Disaster fundTornadoes will not deplete FEMA disaster fund

Published 14 March 2012

The latest series of tornadoes that raged across the Midwest and South will not deplete the U.S. disaster fund, which was only recently reloaded by Congress last year, officials said

The latest series of tornadoes that raged across the Midwest and South will not depletethe U.S. disaster fund, which was only recently reloaded by Congress last year, officials said.

An unnamed Federal Emergency Management Administration (FEMA) official speaking to Reuters said the agency’s Disaster Relief Fund has about $3.7 billion in it thanks to additional assistance from Congress after the series of major natural disasters across the country resulted in roughly $13 billion of disaster spending last year.

Over the last decade the number of major disasters each year has risen steadily, draining the Disaster Relief Fund.
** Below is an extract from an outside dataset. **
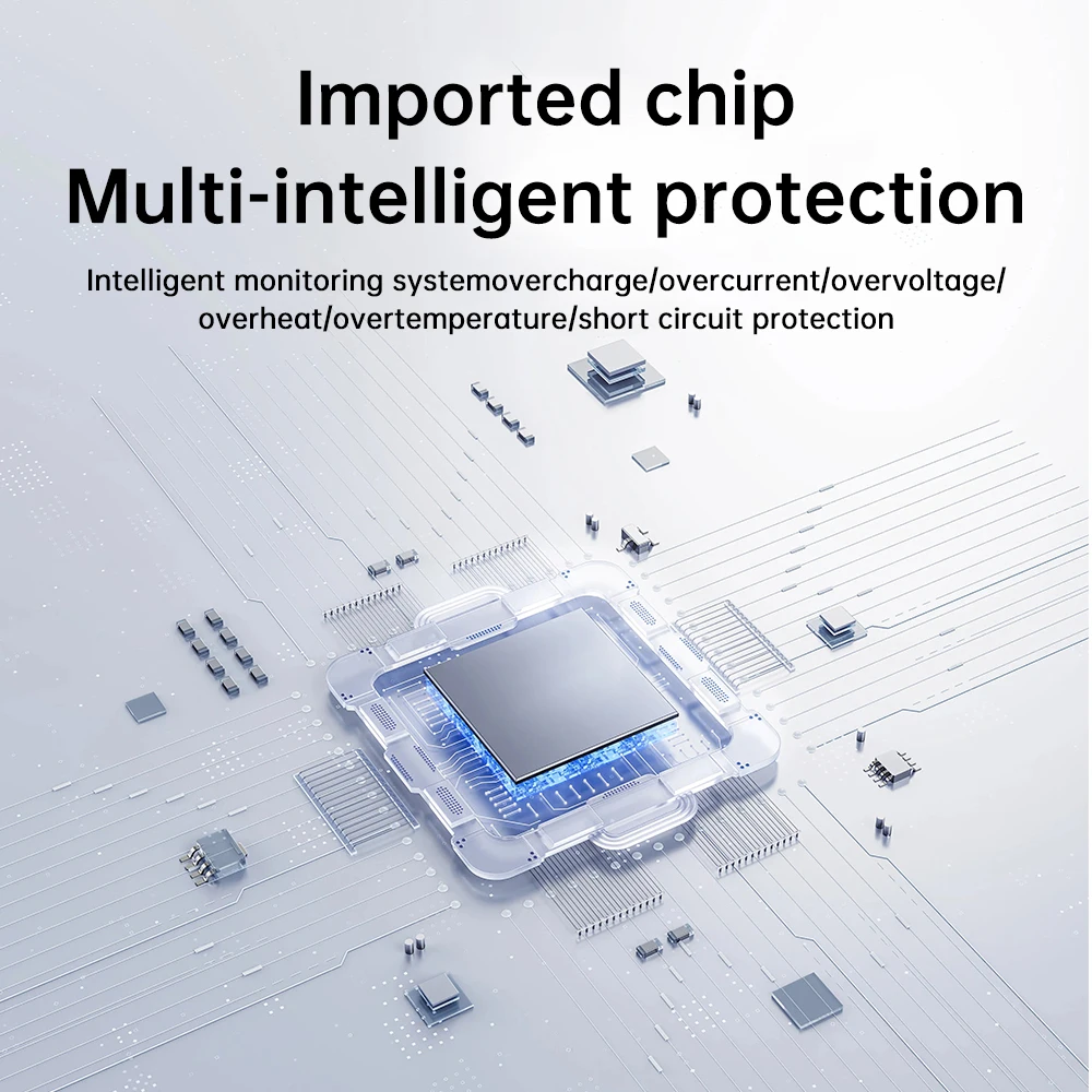 3.El chip inteligente incorporado detecta automáticamente los dispositivos conectados y optimiza la distribución de energía, y también tiene una función de recordatorio de bajo consumo de energía para gestionar eficazmente el uso de energía.
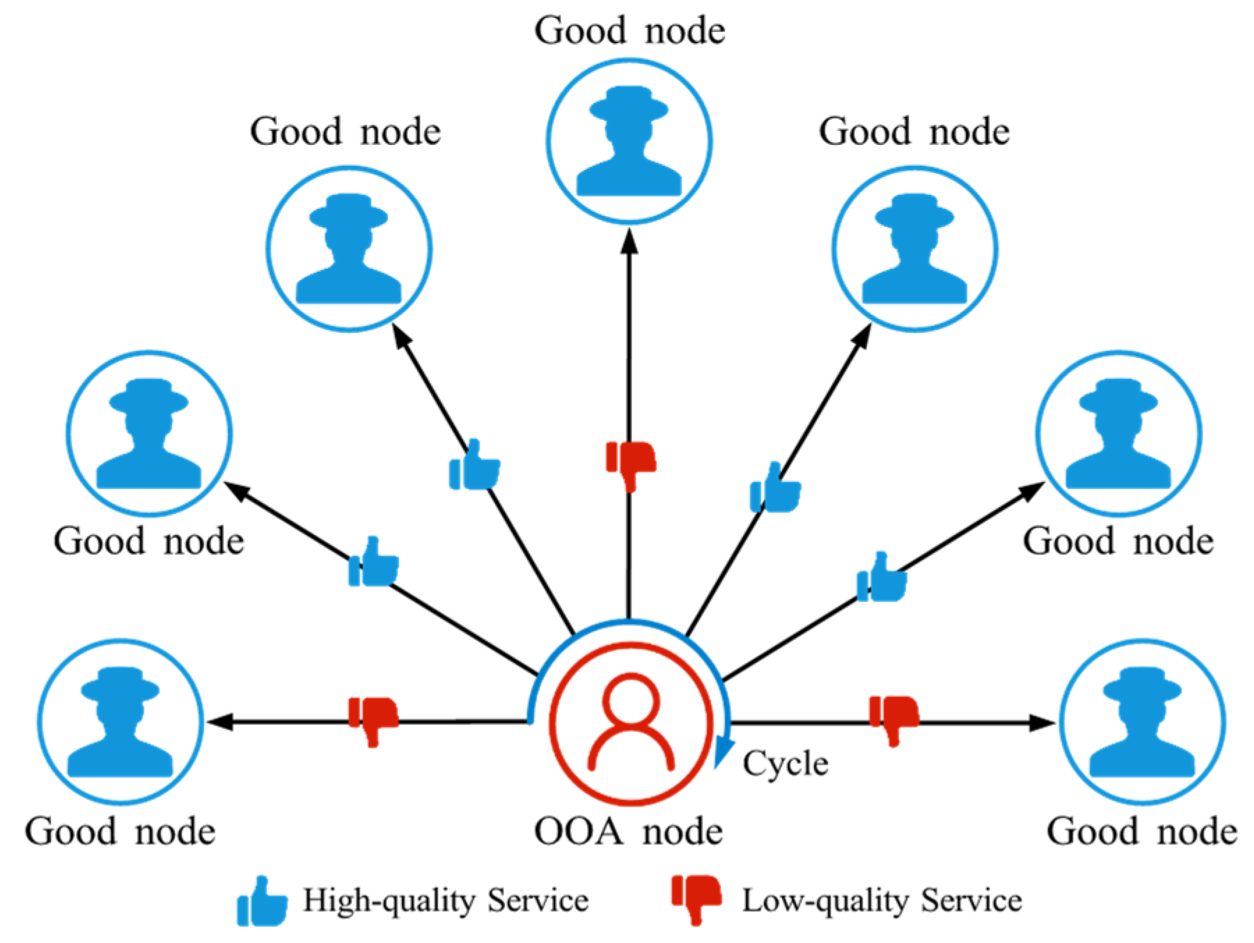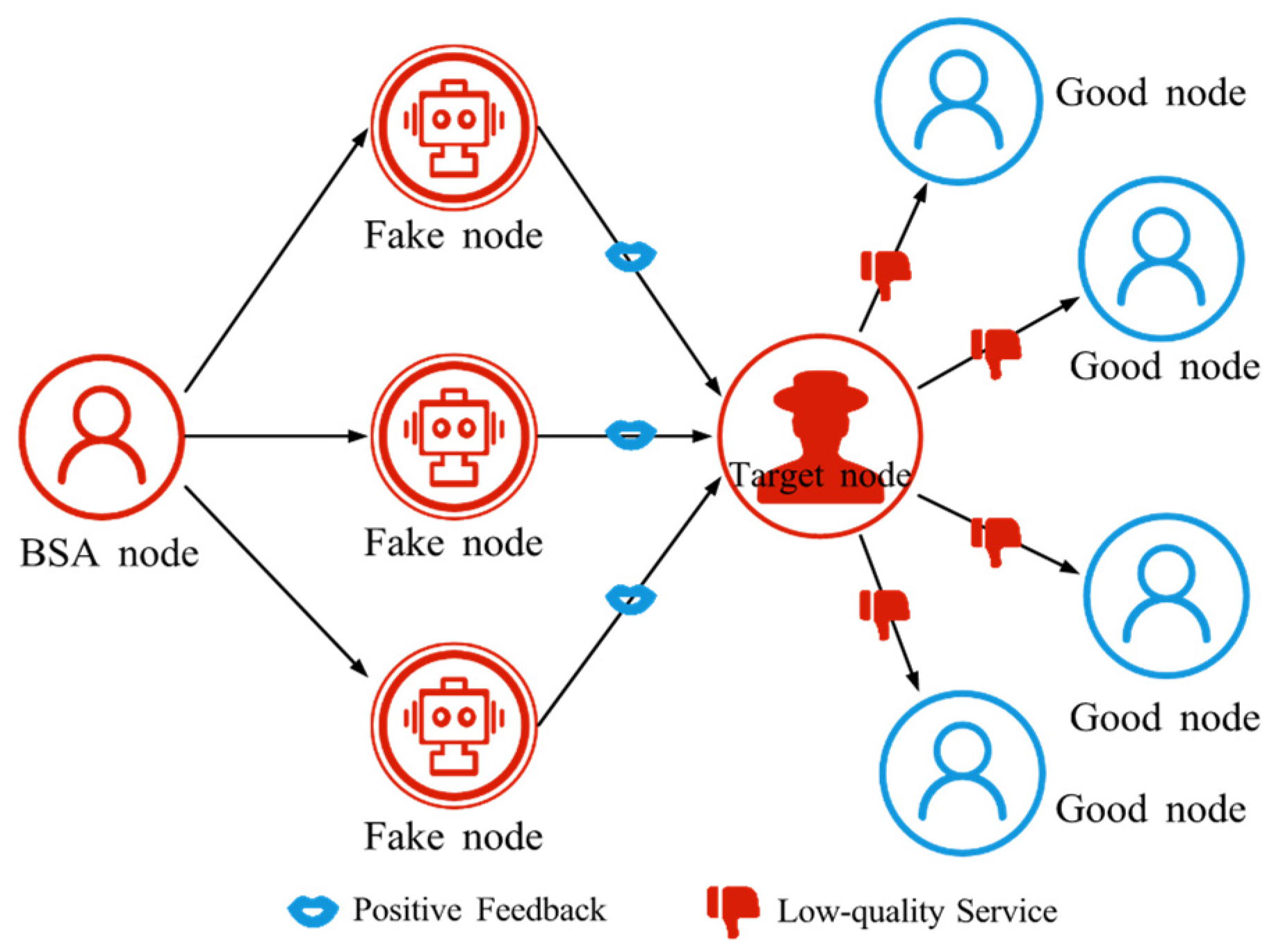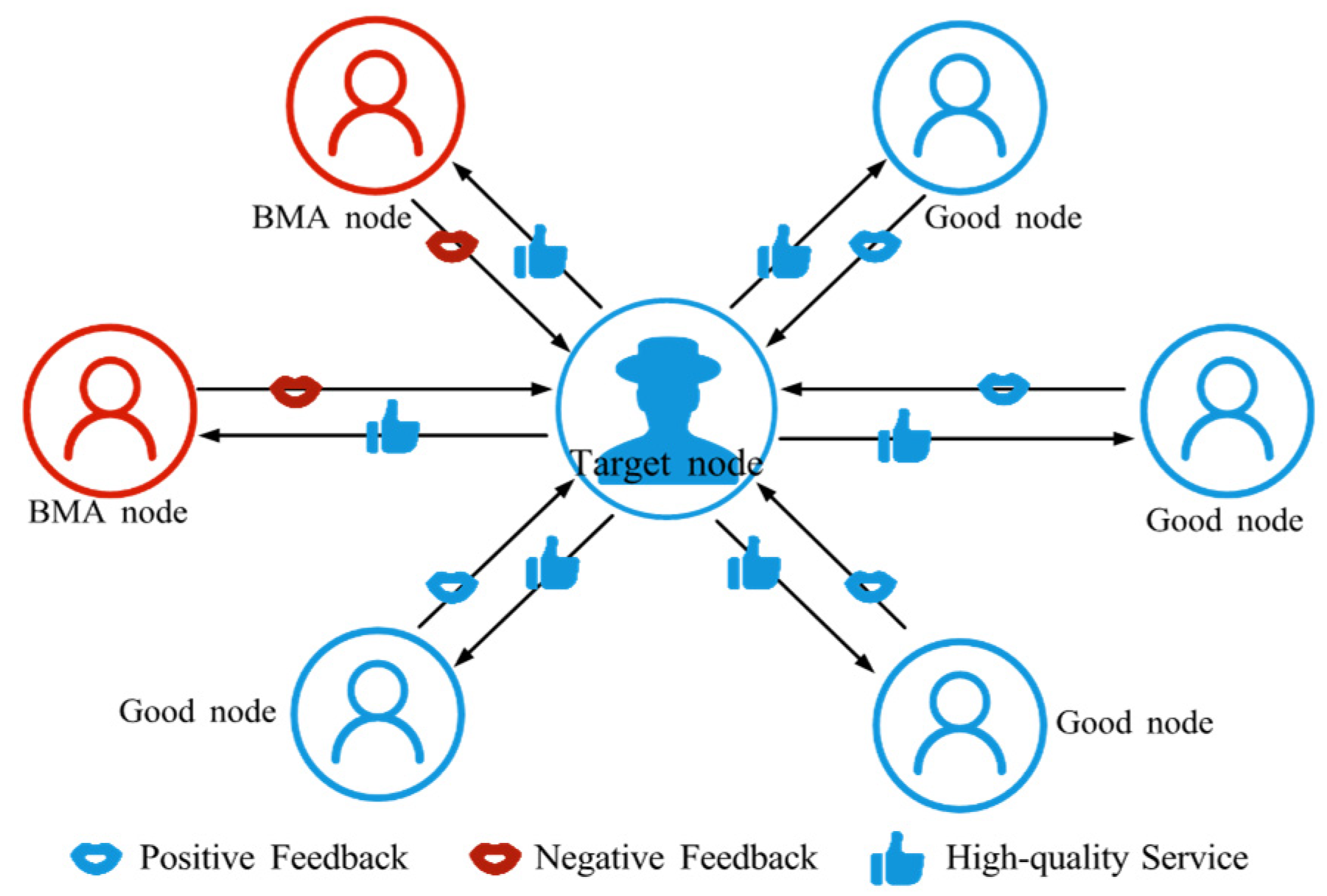 | [94] | BMA: limit repeated attacks; BSA: multi-node evaluation prevents manipulation; OOA: evaluate feedback credibility |

Last year, as a result of massive flooding along the Mississippi and Missouri Rivers, a record tornado season, and Hurricanes pummeling the East Coast a record ninety-nine major disaster declarations were made, shattering the previous record of eight-one set in 2010.

Trina Sheets, the executive director of the National Emergency Management Association in Lexington, Kentucky, told Reuters that the number of major disasters is on the rise.

You’re seeing 100-year floods become 50-year floods. And it’s across the board in terms of what types of disasters you’re seeing. What we’re seeing is that the frequency and severity of those events is increasing,” Sheets said.

Last year nearly $13 billion was spent from the Disaster Relief Fund, and before Hurricane Irene had even hit the United States only $1 billion was left in the coffers and FEMA predicted the fund would become insolvent.

Given the current fiscal climate on the Hill, lawmakers bickered over how to allocate additional funds to FEMA as they struggled to cut budgets elsewhere. With a government shutdown pending last September, lawmakers finally agreed to allocate emergency funds so the agency could resume suspended recover projects.

The Disaster Relief Fund is currently budgeted at $7.1 billion for the current fiscal year, but will be lowered to $6.1 billion under the White House’s current budget proposal for 2013. According to the proposal, other disasters can be covered by emergency funding.

In addition, Richard Serino, FEMA’s deputy administrator, said the FEMA budget also keeps $500 million in reserve to prevent the disaster fund “from falling to the dangerously low level that it did during September.”

So far there have already been six major disaster declarations in 2012 with latest due to flooding and landslides in Oregon and Washington.

Meanwhile on Sunday, Kentucky was the first state hit by tornadoes to request the President to make a major disaster declaration for the area. Tornadoes throughout the region killed at least thirty-nine people – twenty-one of them in Kentucky.

In an interview with Reuters, Mark Merritt, the president of Witt Associates, a disaster consulting firm, explained that the disaster fund would not be hit too hard by the tornadoes as aid allocations will likely be relatively low as most of the property damage will be covered by insurance. In addition, damage to infrastructure is also light compared to hurricanes and earthquakes.